Do sanctions on Iran work?

It all depends how one defines "work," I suppose.

The goal of United Nations and U.S. sanctions is to persuade Iran to give up its suspected drive for a nuclear weapon, and halt what the State Department says is its support for terrorist groups such as Lebanon-based Hezbollah. On that score, clearly the sanctions haven't achieved their intended goal. And after just spending two weeks in Iran, it's unclear to me that Iran will ever give up the nuclear option — or, at least that it will do so as a response to pressure.

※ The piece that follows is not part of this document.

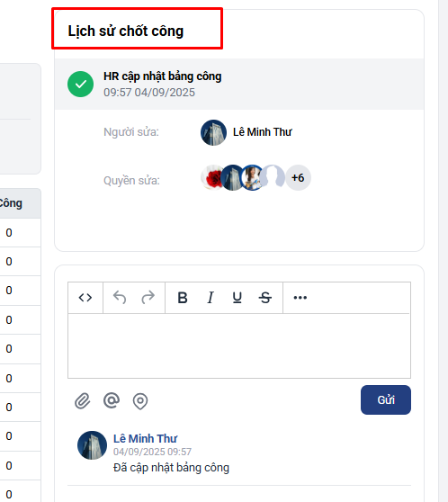 Hiển thị lịch sử chốt công của nhân sự và HR

It's harder to measure whether the sanctions have achieved their more immediate target: cutting off Iran's access to sophisticated military and nuclear technology, and to the U.S.-dominated international financial system. My guess is that the answer here is a qualified yes — that is, the sanctions have raised Iran's cost of doing business in these areas considerably.

How about Iran's oil and gas industry, the country's prime income earner? Iran is badly in need of foreign investment and technology — $120 billion worth, by one estimate I read — and keeping international energy firms out of Iran is a prime goal of U.S. government policy. Is it working?

To find out, I spent 2 1/2 hours in Tehran last week with Hojatollah Ghanimi Fard, from the National Iranian Oil Company.

Fard — you can see his photo here — manages to be both friendly and fiesty at the same time. He holds the title of Vice President for Investment Affairs. From the U.S. perspective, he might as well be Vice President for Getting Around the Sanctions.

We discussed, and debated, oil, sanctions, U.S. policy toward Iran, the 1980-81 seizure of the U.S. Embassy in Tehran and a lot else besides.

Fard vigorously made the case that the sanctions, at least as applied to gas and oil, have hurt the United States and other Western powers more than they've hurt Iran. (U.S. firms are barred from doing business in Iran's energy sector; some European countries, such as France, have urged their companies not to make new investments).

The result, Fard said, is that Iran has looked elsewhere for investment (elsewhere apparently being places like China, Malaysia, and other Asian countries). He described the sanctions as being "like a roadblock. ... At first you get angry" when you come upon it as you're driving, but then you find a different route. "It's not as quick as the other but, ah, look at the scenery."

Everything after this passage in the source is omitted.